A model system was established for experimental investigation of the ability of flies to carry bacteriophages from one source to a remotely located site of infection. In this model the site of infection was represented by growths of Moraxella bovis on blood-agar or Salmonella enterica on agar and the flying insect used was the face fly (Musca autumnalis) or the blow fly (Calliphora vomitoria). The face flies used in the experiment were wide-caught specimens taken from the vicinity of cattle. In the case of the blow flies, these were 3 day old adult flies recently hatched from pupae that had been incubated at 23° C. illuminated under a 12:12 light:dark cycle. Bacteriophages with lytic activity against Moraxella bovis or Salmonella enterica were added to a solution of 20% sucrose solution which acted as a flying insect attractant. In the case of the Moraxella bovis experiment, a cocktail of the four bacteriophages shown in FIGS. 7-10 was used. The concentration of bacteriophages with lytic activity against Moraxella bovis was about 10⁶ pfu/ml and the concentration of bacteriophages with lytic activity against Salmonella enterica was about 101 pfu/ml.

An enclosure was set up which contained the bacteriophages in sucrose solution, 5 adult flies and the agar plate with a growth of pathogen placed remotely from the sucrose solution. Thus, within the enclosure, flies were able to feed on the sucrose solution, in doing so consuming bacteriophages, and travel to a site of infection on the remotely located agar plate where they could additionally feed.

In addition, other enclosures were set up as controls that contained:

• • 1. Control 1: 20% sucrose solution without bacteriophages, but with flies and a remotely located agar plate with a growth of Moraxella bovis or Salmonella enterica.
  • 2. Control 2: Bacteriophages in 20% sucrose solution and an agar plate with a remotely located growth of Moraxella bovis or Salmonella enterica, but no flies.

Table 1 summarises this experimental set up for each of the Moraxella bovis and Salmonella enterica pathogen experiments.

TABLE 1
Summary of the setup of Example 1
	Bacteriophages	Flying insect	Remotely located
	in 20% sucrose	(5 adult	growth
	solution	flies)	of pathogen
Control 1	Absent	Present	Present
Control 2	Present	Absent	Present
Enclosure according	Present	Present	Present
to the disclosure

Each enclosure was left at room temperature over the course of a day. The agar plate from each enclosure was then removed and analysed to determine whether there had been any effect on pathogenic growth.

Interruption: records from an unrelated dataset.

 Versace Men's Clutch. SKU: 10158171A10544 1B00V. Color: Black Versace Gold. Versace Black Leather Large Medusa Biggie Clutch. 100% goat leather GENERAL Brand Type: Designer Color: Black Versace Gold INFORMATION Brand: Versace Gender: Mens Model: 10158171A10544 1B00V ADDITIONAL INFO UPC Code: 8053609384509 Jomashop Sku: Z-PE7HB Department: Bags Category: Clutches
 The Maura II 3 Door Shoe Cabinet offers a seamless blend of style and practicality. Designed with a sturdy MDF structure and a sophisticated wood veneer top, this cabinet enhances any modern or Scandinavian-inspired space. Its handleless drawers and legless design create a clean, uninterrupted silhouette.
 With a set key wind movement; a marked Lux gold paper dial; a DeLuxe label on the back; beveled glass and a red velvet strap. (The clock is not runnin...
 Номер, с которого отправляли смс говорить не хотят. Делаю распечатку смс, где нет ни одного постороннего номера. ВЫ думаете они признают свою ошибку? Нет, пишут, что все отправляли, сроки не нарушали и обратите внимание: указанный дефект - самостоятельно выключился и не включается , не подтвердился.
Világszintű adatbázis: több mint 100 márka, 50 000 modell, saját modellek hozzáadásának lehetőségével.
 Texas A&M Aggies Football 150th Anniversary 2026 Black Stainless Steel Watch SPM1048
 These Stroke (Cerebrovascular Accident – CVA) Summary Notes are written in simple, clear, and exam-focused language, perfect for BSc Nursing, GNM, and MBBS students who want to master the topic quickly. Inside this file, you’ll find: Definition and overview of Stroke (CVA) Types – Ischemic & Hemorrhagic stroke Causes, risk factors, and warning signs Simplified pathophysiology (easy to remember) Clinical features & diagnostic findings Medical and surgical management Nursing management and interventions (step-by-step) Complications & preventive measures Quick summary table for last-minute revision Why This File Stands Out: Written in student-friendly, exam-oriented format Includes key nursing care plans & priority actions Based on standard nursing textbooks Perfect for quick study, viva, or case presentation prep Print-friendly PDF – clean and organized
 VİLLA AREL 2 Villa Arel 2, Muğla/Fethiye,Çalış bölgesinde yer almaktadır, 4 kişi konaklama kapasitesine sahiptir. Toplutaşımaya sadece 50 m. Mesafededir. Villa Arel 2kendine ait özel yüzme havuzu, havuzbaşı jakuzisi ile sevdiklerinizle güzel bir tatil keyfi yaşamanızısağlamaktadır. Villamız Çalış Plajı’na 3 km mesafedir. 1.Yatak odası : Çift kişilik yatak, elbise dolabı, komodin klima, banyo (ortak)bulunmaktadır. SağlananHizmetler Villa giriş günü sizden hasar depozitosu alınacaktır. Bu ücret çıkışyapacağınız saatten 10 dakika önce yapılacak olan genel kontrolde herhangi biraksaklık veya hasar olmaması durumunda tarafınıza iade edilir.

FIG. 3 shows each of the agar plates at the end of the experiment for Moraxella bovis. It can be seen that in the Control 1 (FIG. 3A) and Control 2 (FIG. 3B) iterations of the experiment the lawn of Moraxella bovis continued growing unimpeded. In contrast, in the iteration of the experiment in which both flies and bacteriophages in sucrose solution were present (FIG. 3C), areas were seen in which Moraxella bovis growth was depleted due to bacteriophage-mediated cell lysis. Visualisation of this lytic activity was enhanced by inclusion of triphenyl tetrazolium chloride.

FIG. 4 shows each of the agar plates at the end of the experiment for Salmonella enterica. It can be seen that In the Control 1 (FIG. 4A) and Control 2 (FIG. 4B) iterations of the experiment the lawn of Salmonella enterica continued growing unimpeded. In contrast, in the iteration of the experiment in which both flies and bacteriophages in sucrose solution were present (FIG. 4C), areas were seen in which Salmonella enterica growth was depleted due to bacteriophage-mediated cell lysis. Visualisation of this lytic activity was enhanced by inclusion of triphenyl tetrazolium chloride.

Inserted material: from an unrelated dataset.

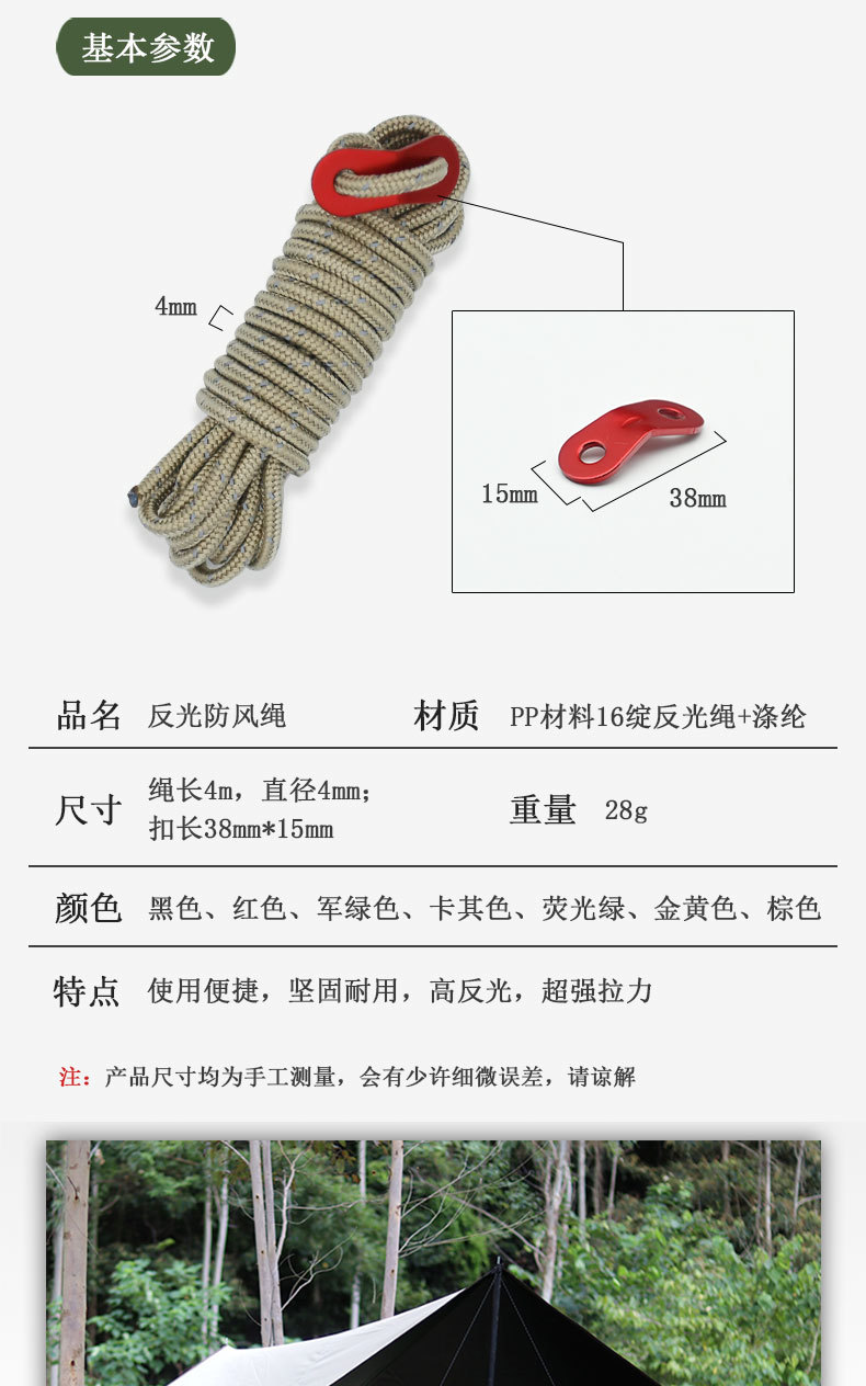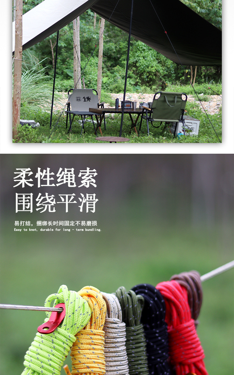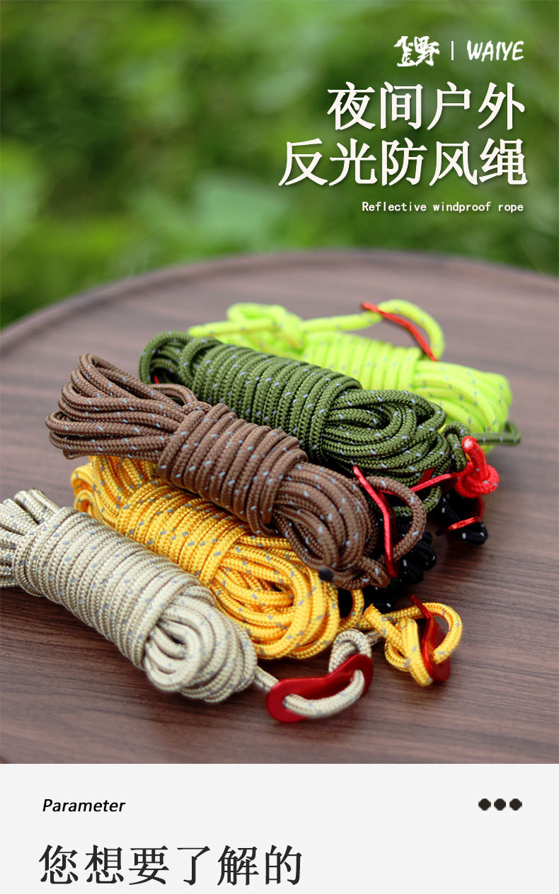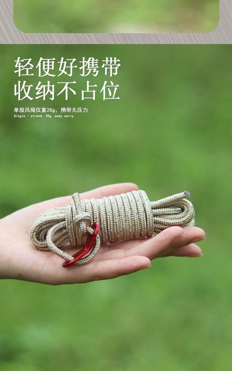Cuerda de viento de 4MM para exteriores, toldo a prueba de viento, varilla de soporte, cordón fijo, tienda de campaña de 4 metros, cuerda reflectante para campamento, cuerda de ajuste para acampar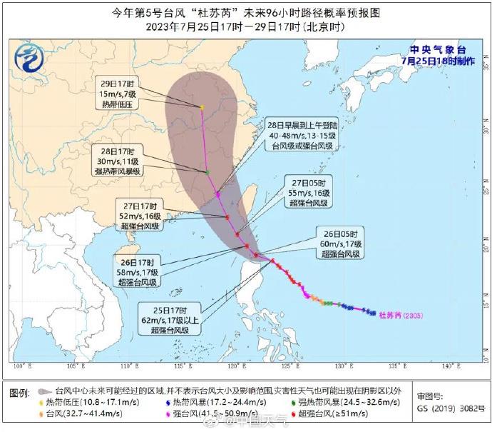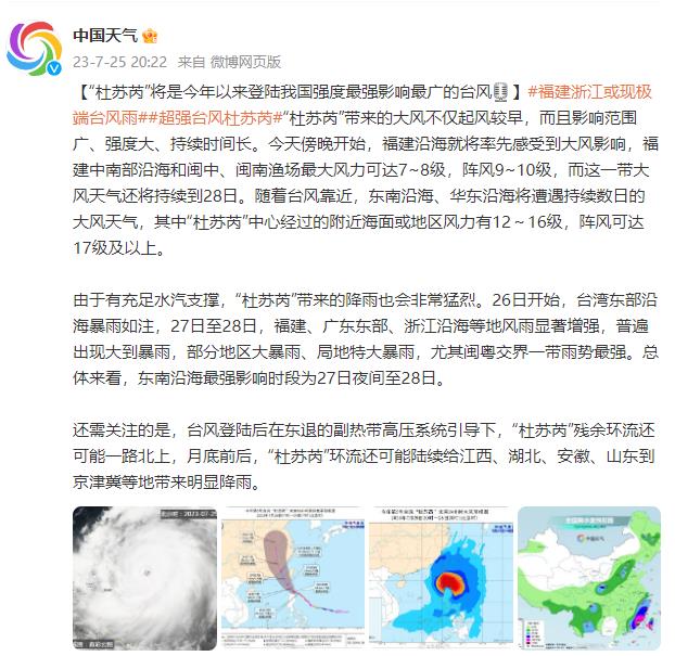 据@中国天气 微博7月25日消息,“杜苏芮”带来的大风不仅起风较早,而且影响范围广、强度大、持续时间长。今天傍晚开始,福建沿海就将率先感受到大风影响,福建中南部沿海和闽中、闽南渔场最大风力可达7~8级,阵风9~10级,而这一带大风天气还将持续到28日。随着台风靠近,东南沿海、华东沿海将遭遇持续数日的大风天气,其中“杜苏芮”中心经过的附近海面或地区风力有12~16级,阵风可达17级及以上。

The results of Example 1 confirm that flying insects are capable of acting as a vector to transfer bacteriophages from one location to another and thus that, where bacterial infection exists, they can be a means of ameliorating infection at that second location.

Example 2

A model system was established for experimental investigation of the ability of flying insects to carry bacteriophages from one source to a remotely located bovine eye. In this model, the flying insect used was the face fly (Musca autumnalis). The face flies used in the experiment were wide-caught which were maintained on 20% sucrose solution prior to the experiment under ambient conditions with a 12:12 light:dark lighting pattern. The bovine eye was an abattoir sourced ex vivo bovine eye. Bacteriophages with lytic activity against Salmonella enterica were added to a solution of 20% sucrose solution which acted as a flying insect attractant. The concentration of bacteriophages with lytic activity against Salmonella enterica was about 10¹¹ pfu/ml.

An enclosure was set up which contained the bacteriophages in sucrose solution, 5 adult flies and the bovine eye placed remotely from the sucrose solution. Thus, within the enclosure, flies were able to feed on the sucrose solution, in doing so consuming bacteriophages, and travel to the bovine eye.

In addition, other enclosures were set up as controls that contained:

• • 1. Control 1: 20% sucrose solution without bacteriophages, but with flies and a remotely located ex vivo bovine eye;
  • 2. Control 2: Bacteriophages in 20% sucrose solution, a remotely located ex vivo bovine eye, but no flies.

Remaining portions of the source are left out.